#### Working data
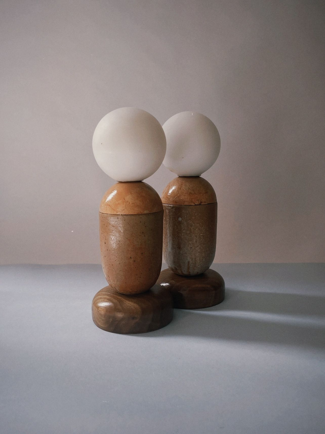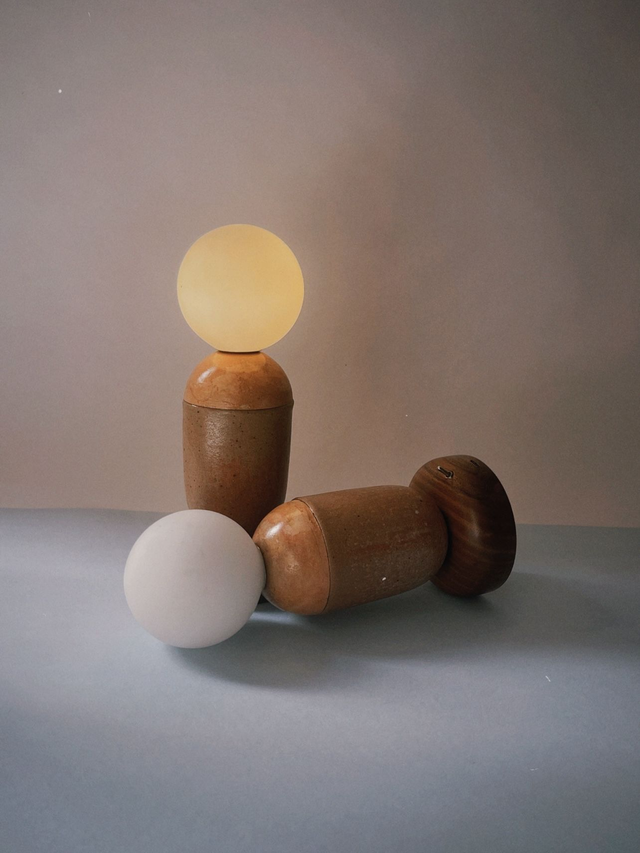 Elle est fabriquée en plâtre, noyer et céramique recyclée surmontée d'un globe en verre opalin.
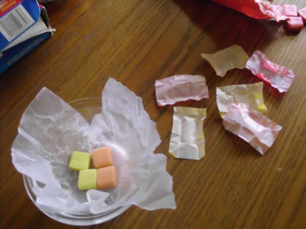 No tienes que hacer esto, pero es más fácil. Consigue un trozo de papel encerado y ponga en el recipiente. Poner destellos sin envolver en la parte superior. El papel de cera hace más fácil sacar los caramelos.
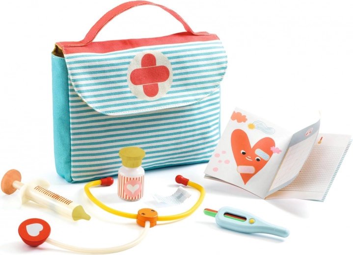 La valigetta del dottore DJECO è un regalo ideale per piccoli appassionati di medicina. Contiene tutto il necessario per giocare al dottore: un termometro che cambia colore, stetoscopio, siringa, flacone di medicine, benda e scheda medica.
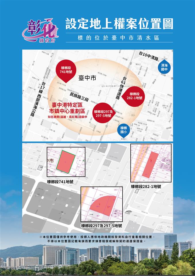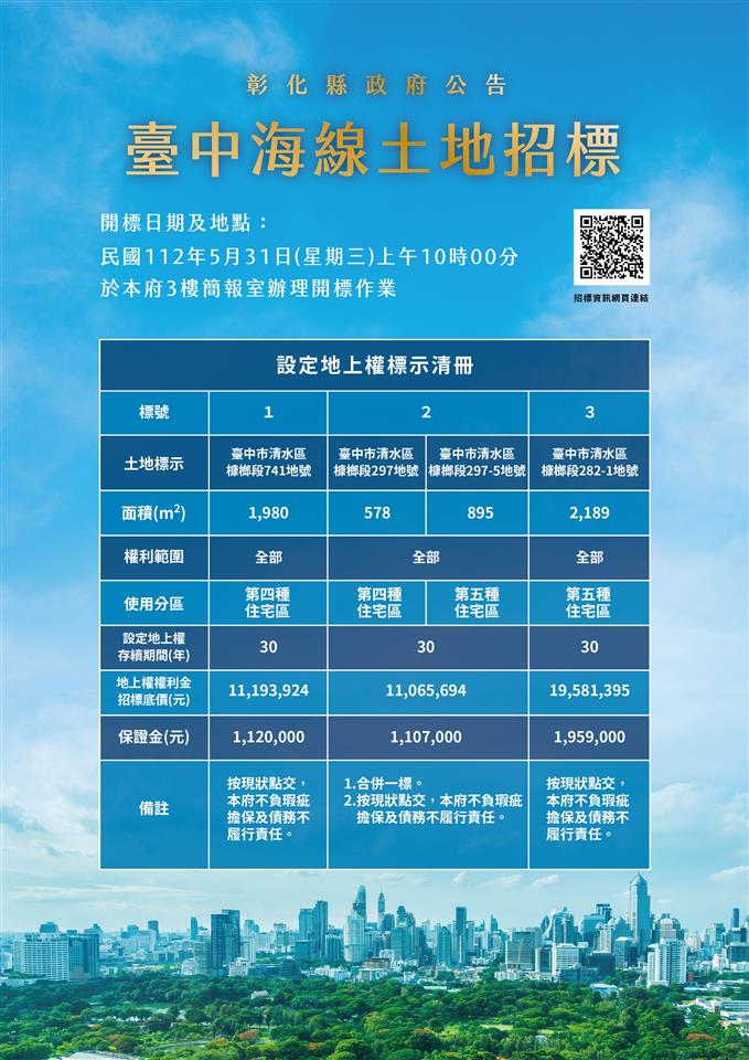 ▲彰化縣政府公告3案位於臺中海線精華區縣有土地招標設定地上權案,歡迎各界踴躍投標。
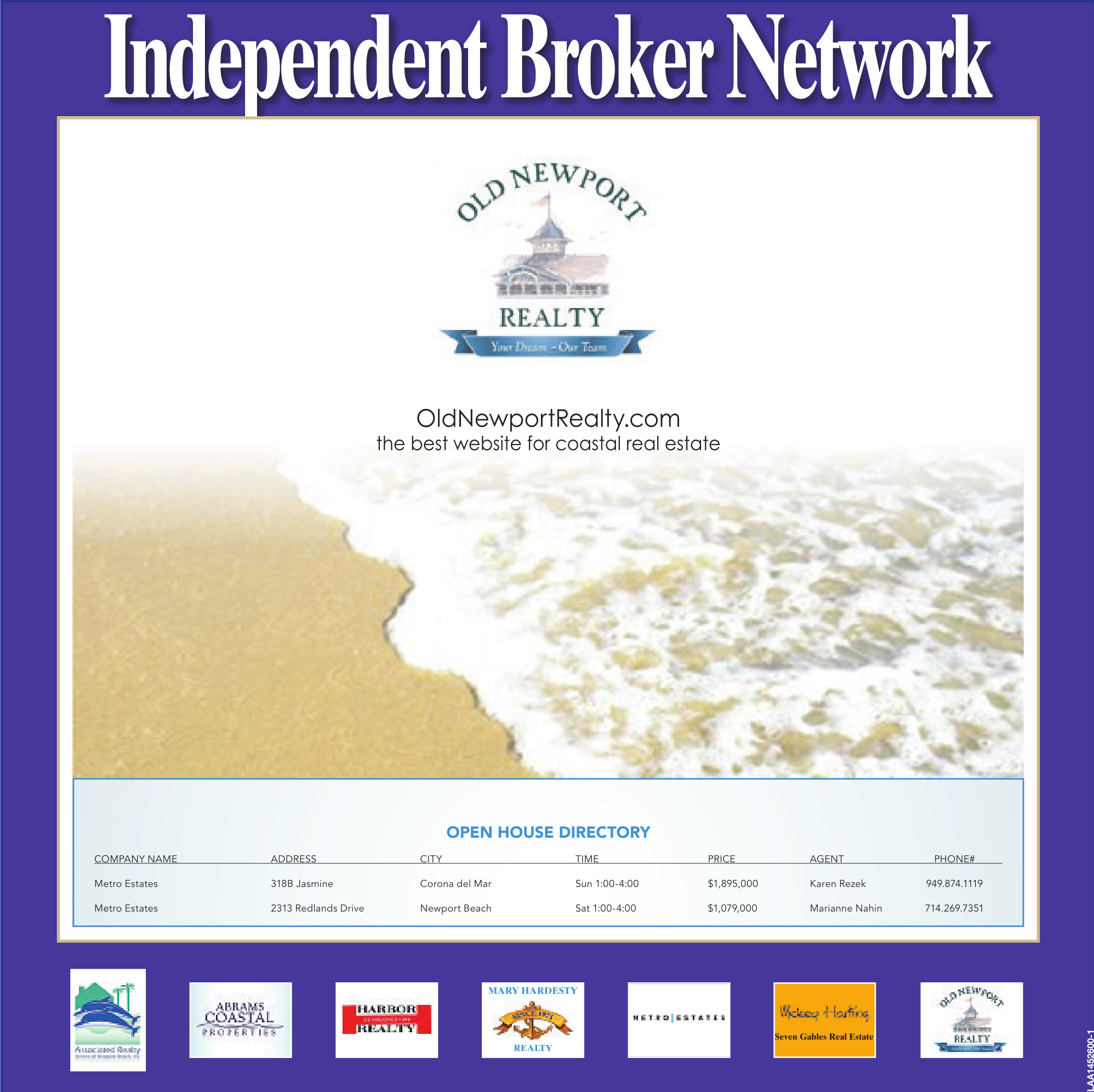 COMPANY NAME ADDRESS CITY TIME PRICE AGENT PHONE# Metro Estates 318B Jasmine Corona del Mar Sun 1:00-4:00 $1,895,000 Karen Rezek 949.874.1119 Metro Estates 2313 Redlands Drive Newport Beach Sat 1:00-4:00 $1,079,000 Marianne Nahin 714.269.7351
########
#### Working data
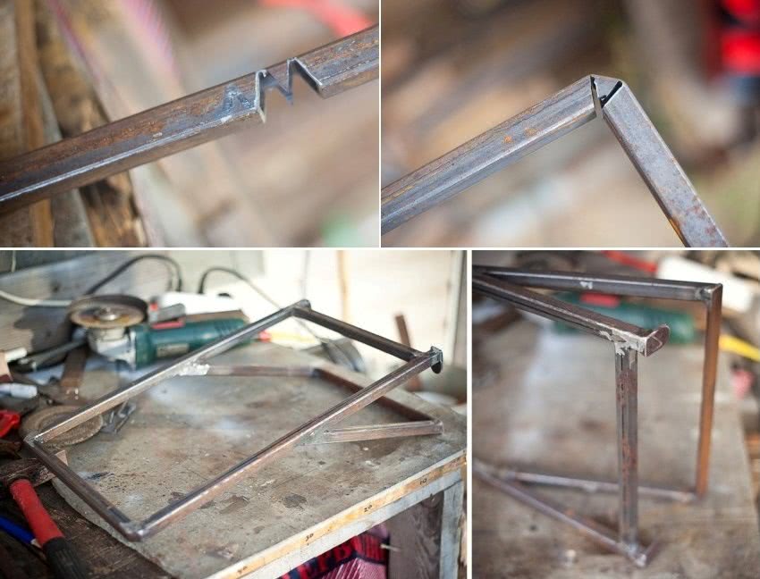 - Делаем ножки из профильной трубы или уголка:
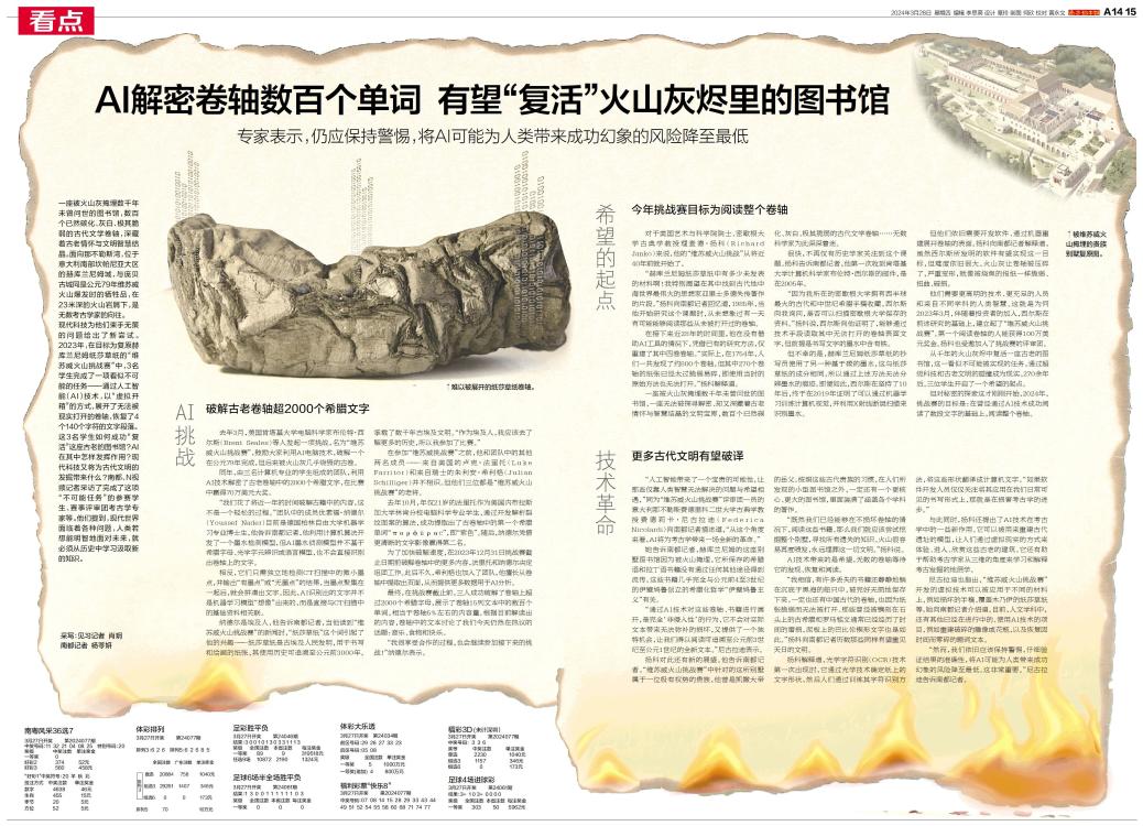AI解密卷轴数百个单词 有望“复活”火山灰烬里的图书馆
########
Work order: In the entries above, find the line with "Elle est fabriquée" and the line with "La valigetta del". Write out exactly those two lines and every line between them, pictures excluded.

Your response:
 Elle est fabriquée en plâtre, noyer et céramique recyclée surmontée d'un globe en verre opalin.
 No tienes que hacer esto, pero es más fácil. Consigue un trozo de papel encerado y ponga en el recipiente. Poner destellos sin envolver en la parte superior. El papel de cera hace más fácil sacar los caramelos.
 La valigetta del dottore DJECO è un regalo ideale per piccoli appassionati di medicina. Contiene tutto il necessario per giocare al dottore: un termometro che cambia colore, stetoscopio, siringa, flacone di medicine, benda e scheda medica.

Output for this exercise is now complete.